Ntvnews.id, Washington - Pemerintah Amerika Serikat menegaskan penolakannya terhadap kemungkinan pengaturan yang memberi kewenangan kepada Iran untuk menentukan siapa yang boleh melintasi jalur perairan internasional, termasuk penerapan biaya di Selat Hormuz.

Menteri Luar Negeri AS, Marco Rubio, menyampaikan sikap tersebut dalam wawancara dengan Fox News pada hari Senin.

Ia menegaskan, “Kita tidak bisa mentolerir upaya mereka untuk menormalisasi sistem di mana Iran memutuskan siapa yang boleh menggunakan jalur air internasional dan berapa banyak yang harus Anda bayarkan kepada mereka,” kata Rubio kepada Fox News, Senin 27 April 2026.

Baca Juga: AS Perkirakan Butuh 6 Bulan Bersihkan Ranjau Iran di Selat Hormuz

Rubio juga menyatakan bahwa keputusan terkait kelanjutan konflik berada di tangan Presiden Donald Trump.

Menurutnya, Trump memiliki kewenangan penuh untuk menentukan apakah perang melawan Iran akan dilanjutkan atau tidak.

Sebelumnya, pada Minggu, 26 April 2026, Presiden Iran Masoud Pesheshkian dalam pembicaraan dengan Perdana Menteri Pakistan Shehbaz Sharif menyatakan bahwa Teheran tidak akan mengikuti pembicaraan damai jika berada di bawah tekanan, ancaman, atau blokade Selat Hormuz.

Ia juga menekankan bahwa untuk melanjutkan dialog, Amerika Serikat harus menghapus berbagai hambatan, termasuk blokade di jalur strategis tersebut.

Di sisi lain, Trump sebelumnya mengungkapkan telah membatalkan rencana perjalanan utusan khusus, yaitu Steve Witkoff dan Jared Kushner, ke Pakistan untuk melanjutkan putaran negosiasi dengan Iran.

Ketegangan di kawasan Timur Tengah meningkat sejak 28 Februari 2026, ketika Amerika Serikat bersama Israel melancarkan serangan terhadap Iran.
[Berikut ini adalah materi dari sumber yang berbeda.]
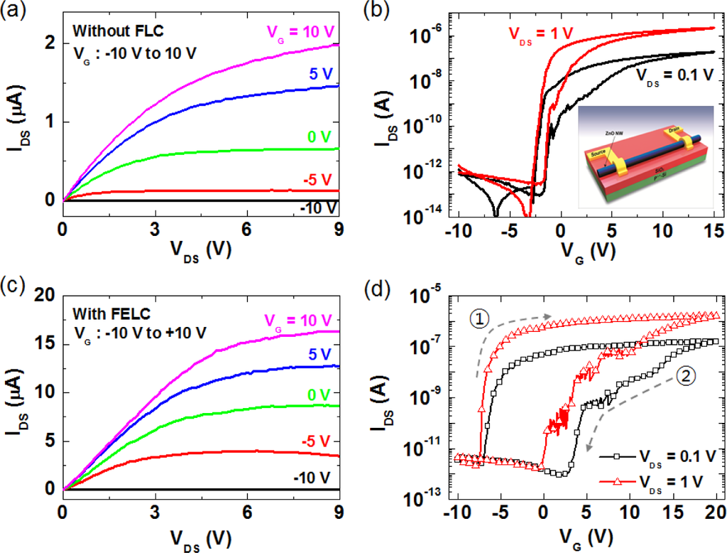 In order to address whether the ferroelectric polarization of LCs can affect the electrical transport in FETs, we performed output (source-drain current versus voltage, IDS-VDS) and transfer (source-drain current versus gate voltage, IDS-VG) measurements with a conventional back-gate FET device structure (the inset of Figure 2b) [7]. Figure 2a,b shows the representative data of the output characteristics and transfer characteristics of a back-gate ZnO nanowire FET without a ferroelectric LC layer, respectively. The output curves exhibit well-defined linear regimes at low biases and saturation regimes at high biases, showing the typical pinch-off characteristics of n-type semiconductor FETs [7,11,12,38]. It was observed that the back-gate nanowire FET exhibited negligible hysteresis, being caused by uncontrolled chemical species adsorbed on the ZnO nanowire when exposed to ambient air [7,12], before coating ferroelectric LCs, as shown in Figure 2b. Figure 2c,d shows the electrical properties of the ferroelectric LC-coated nanowire FET with a back-gate structure. Noticeably, we observed that the electrical performance of ZnO nanowire FETs is significantly improved after coating a ferroelectric layer. Here, note that we performed electrical measurements with the same device before and after the coating of ferroelectric LCs in order to circumvent size and morphology effects, such as the channel length and nanowire diameter. Thus, the main reasons causing the conductance enhancement of the nanowire FET with a ferroelectric LC layer can be due to the polarization effect, as well as the suppression of chemisorption effects of oxygen and/or water molecules at the ZnO surface [7,39]. It was also observed that the FET (Figure 2d) exhibits a clockwise hysteresis behaviour obtained with a double sweep of the gate voltage from −10 to 20 V at variable drain voltages (VDS = 0.1 and 1 V). Here, an interesting finding is that the hysteresis width of the nanowire FET considerably increases after coating a ferroelectric LC layer compared with that of the conventional nanowire FETs without a ferroelectric LC layer (Figure 2b). These results indicate that the channel conductance and threshold voltages of ZnO nanowire FETs are strongly dependent on the channel charge density of the ZnO nanowires, which can be effectively modulated by the polarization of ferroelectric LCs.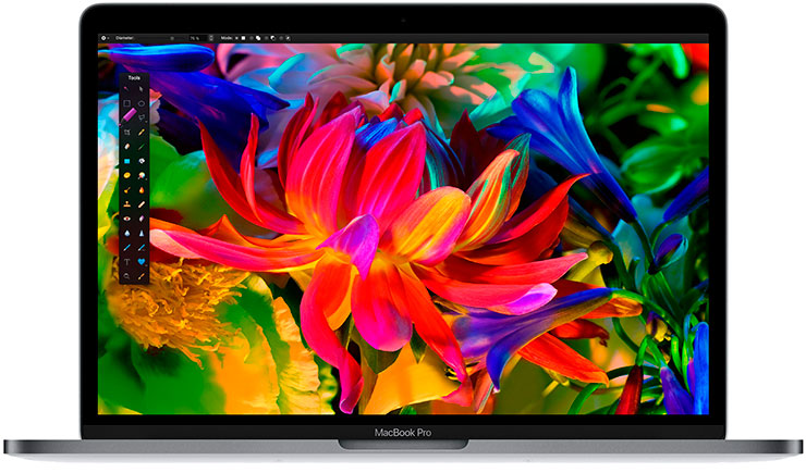 Теперь MacBook Pro поддерживает цветовое пространство P3 — вам доступно на 25 процентов больше цветов по сравнению со стандартной палитрой RGB, особенно в зелёном и красном спектрах.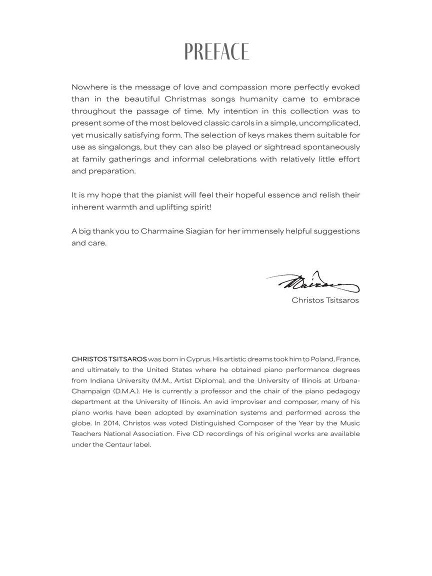 Featuring 24 brief and elegantly arranged carols that can be played at a yearend recital, or sightread and sung by family and friends around the piano at Christmas, these familiar tunes are sure to put you into the holiday mood! These arrangements are mostly at the early intermediate level but do progress slightly in order of difficulty.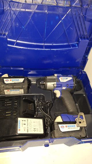 Llave de impacto Berner con una fuerza de 700Nm y un cuadradillo de 1/2 pulgada. Se incluye el cargador y dos baterías con maleta en muy buen estado. - Incluye dos baterías Berner. - Cargador Berner BBC-2 14,4-18V. - Maletín de transporte azul.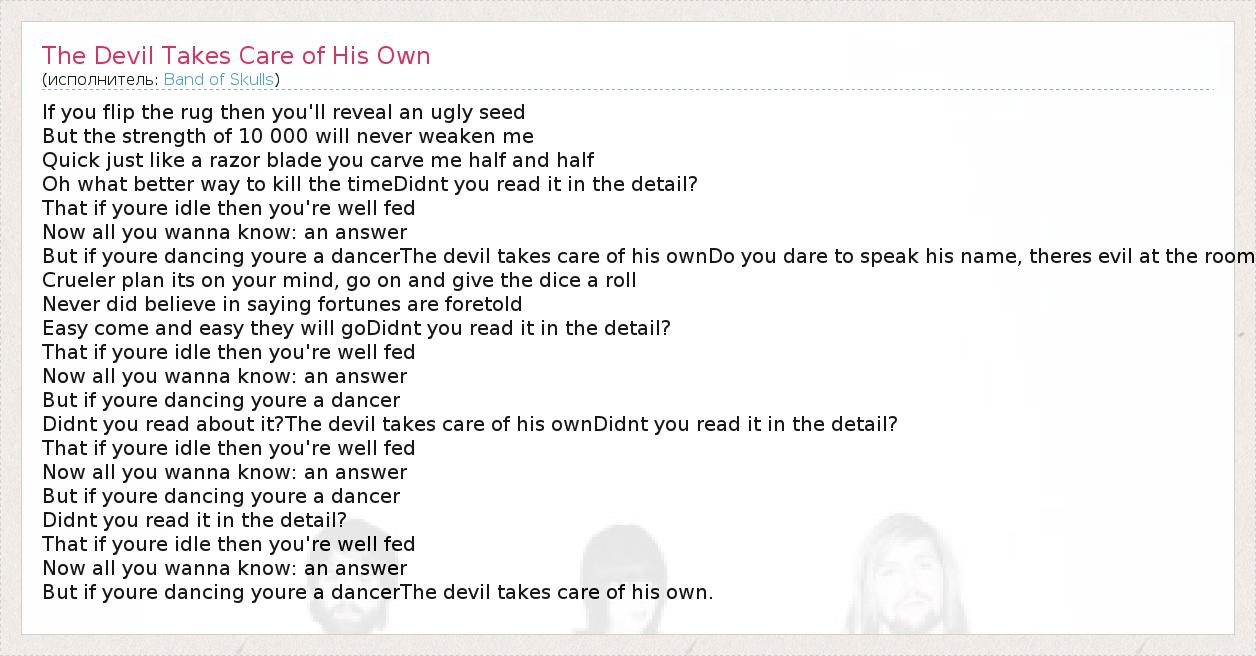 If you flip the rug then you'll reveal an ugly seed But the strength of 10 000 will never weaken me Quick just like a razor blade you carve me half and half Oh what better way to kill the timeDidnt you read it in the detail? That if youre idle then you're well fed Now all you wanna know: an answer But if youre dancing youre a dancerThe devil takes care of his ownDo you dare to speak his name, theres evil at the room Crueler plan its on your mind, go on and give the dice a roll Never did believe in saying fortunes are foretold Easy come and easy they will goDidnt you read it in the detail? That if youre idle then you're well fed Now all you wanna know: an answer But if youre dancing youre a dancer Didnt you read about it?The devil takes care of his ownDidnt you read it in the detail? That if youre idle then you're well fed Now all you wanna know: an answer But if youre dancing youre a dancer Didnt you read it in the detail? That if youre idle then you're well fed Now all you wanna know: an answer But if youre dancing youre a dancerThe devil takes care of his own.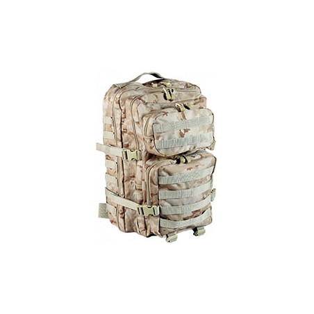 Es una mochila de asalto de sistema Molle, adaptable y ajustable. Muy resistente y con multitud de compartimentos diferenciados para mejor distribución de accesorios en su interior.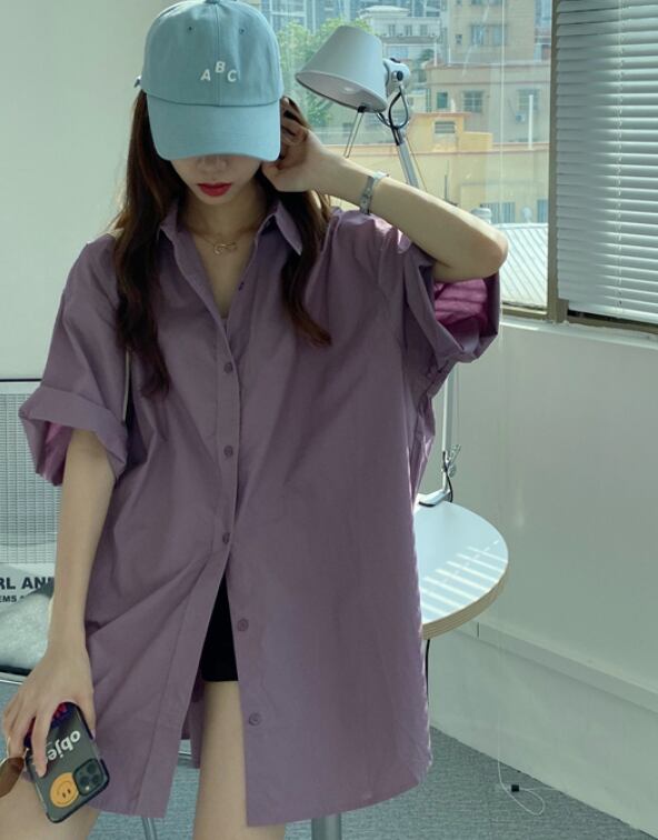 トップス シャツ ロング丈 きれいめ 大人 お洒落 こなれ感 ラフ クール 無地 オールシーズン 通勤 通学 韓国系 ファッション 楽ちん 体系カバー ゆったり ゆる 青 ブルー 紫 パープル AS10038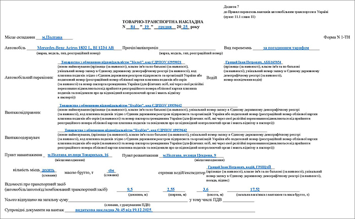 Зразок 1. Товарно-транспортна накладна (Завантажити >>)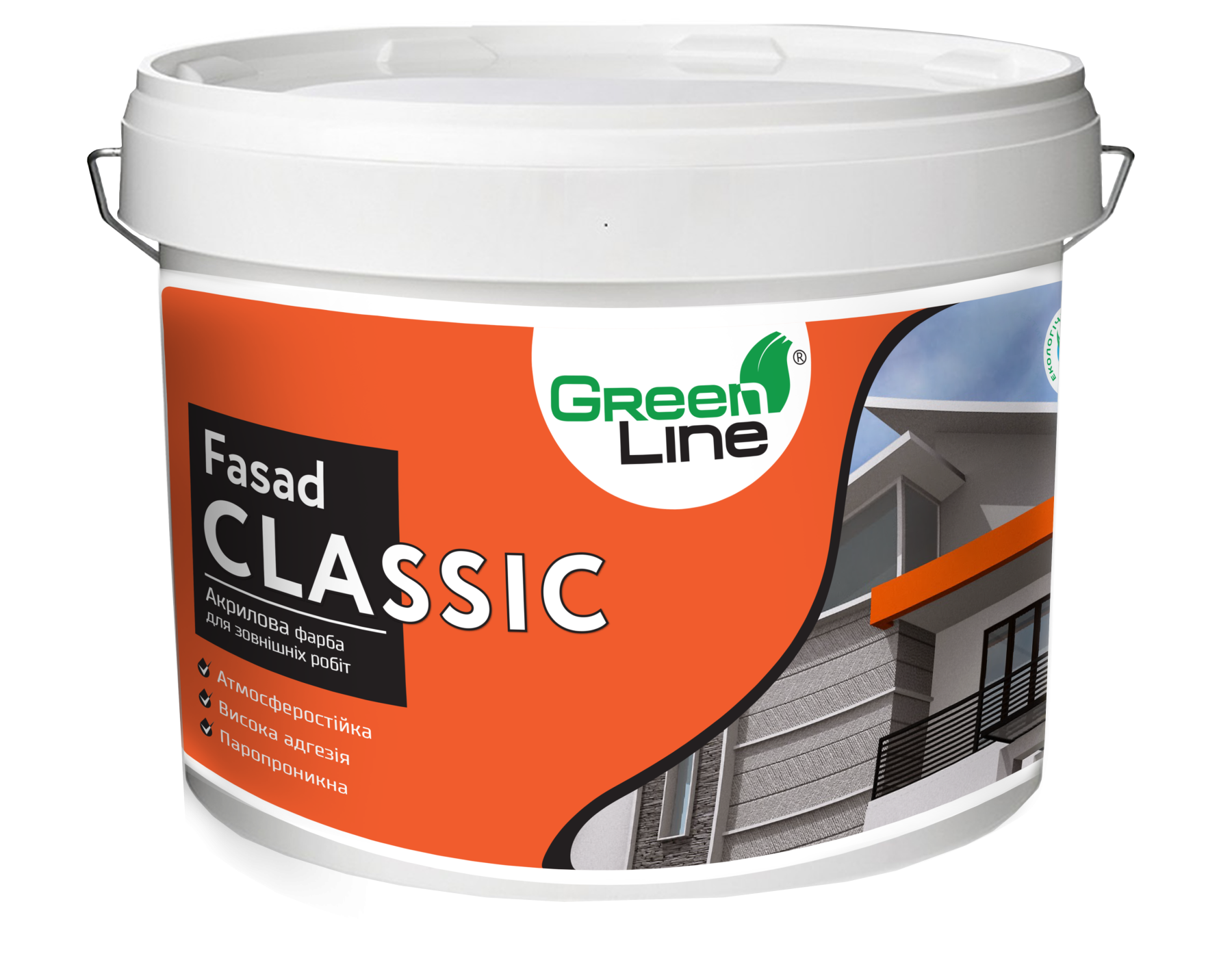 Акрилова фарба фасадна FASAD CLASSIC, ТМ GREEN LINE призначена для захисту та декорування поверхонь на фасаді будівель та всередині приміщень, а також використання як фінішний шар в системі теплоізоляції з використанням пінополістирольних плит.

Baca Juga: Iran Beri Pengecualian Tarif Transit Selat Hormuz untuk Negara Sahabat, Termasuk Rusia

Sebagai respons, Iran melakukan serangan balasan ke wilayah Israel serta sejumlah fasilitas militer AS di kawasan tersebut.

Pada 7 April 2026, Washington dan Teheran sempat menyepakati gencatan senjata selama dua pekan.

Namun, upaya perundingan lanjutan yang digelar di Pakistan tidak membuahkan hasil konkret untuk mengakhiri konflik.

Selanjutnya, pada 21 April 2026, Trump mengumumkan perpanjangan masa gencatan senjata hingga Iran menyampaikan proposal penyelesaian konflik dan proses negosiasi mencapai kesepakatan.